US v. Provance:
Provance pleaded guilty to assault causing bodily injury on a person under the
age of 16 (this happened on a military base). The victim was his newborn son
for whom Provance was the primary caretaker once his wife returned to work. Provance
admitted to causing the injuries to his son, but could not remember inflicting
them (nor could his wife, although she admitted she had “noticed” him “being
rough with their son”). At sentencing, Provance sought a downward variance to
probation, from an advisory Guideline range of 33 to 41 months, on the grounds that
he had no criminal history, was employed, and was taking various classes and
counseling programs to help with the issues raised by parenthood. The
Government argued for a Guideline sentence. The district court, after making
several references to why “the mother” was not before it and questioning how
long it was before she returned to work, gave Provance probation. Aside from
stating the sentence (including various conditions of probation), all the
district court said was “[y]ou can appeal that if you want.”

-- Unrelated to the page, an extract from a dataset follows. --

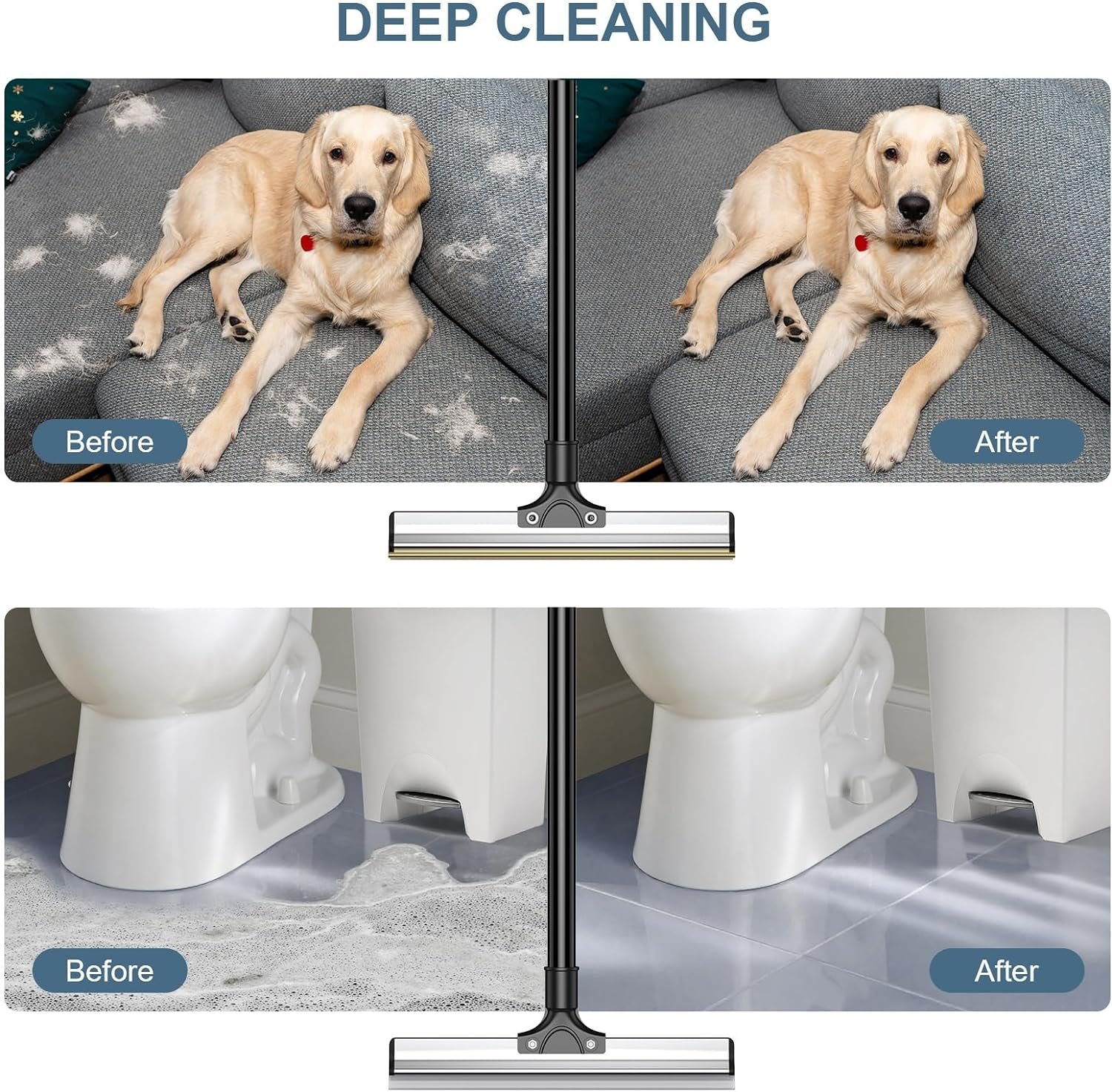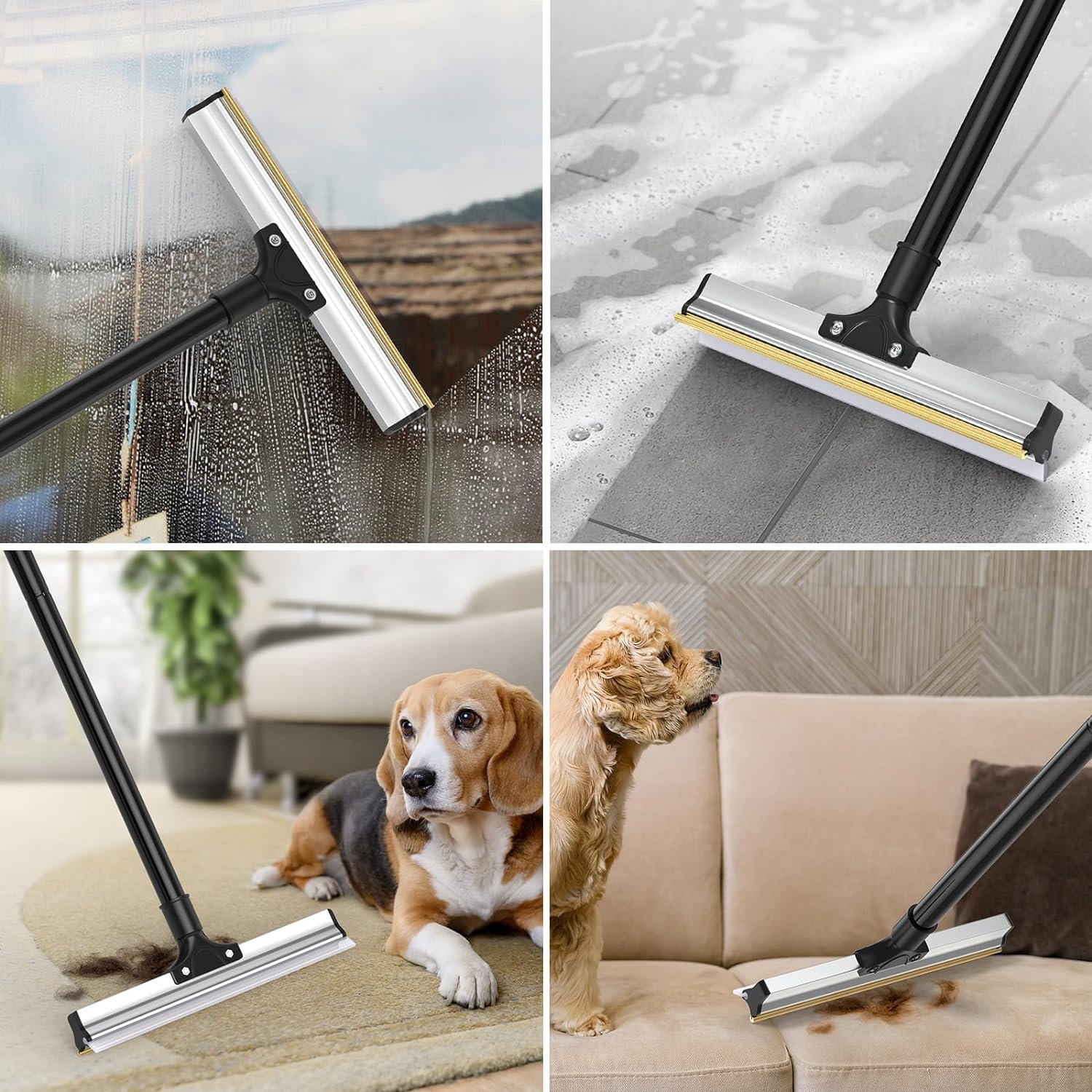 Both Wet and Dry with Cleaning Brush: This dual-purpose pet hair remover is designed for wet and dry use. The metal scraper is ideal for sofas, carpets, and fabric seats, while the silicone scraper strip is perfect for scrubbing water damage on smooth floors, hardwoods, tiled surfaces in garages and bathrooms, pool decks, windows, car windows, glass shower doors, and kitchen surfaces. The equipped cleaning brush allows you to effortlessly clean the hair on the broom without getting your hands dirty.

The Government did appeal and the
Fourth Circuit vacated Provance’s sentence. In doing so, it articulated a rigid
protocol for examining sentences. The Government argued only that the sentence
was substantively unreasonable – it was too short – not that the district court
had procedurally erred when applying it (Provance, obviously, argued it was
both procedurally and substantively reasonable). The court held that it was
required, before reviewing any sentence for substantive reasonableness, to
review it for procedural reasonableness. In this case, the sentence was
procedurally unreasonable (and it was “inexplicable” that the Government didn’t
argue such) because the district court “failed to provide any sentencing rationale
at all,” which prevented review for substantive reasonableness.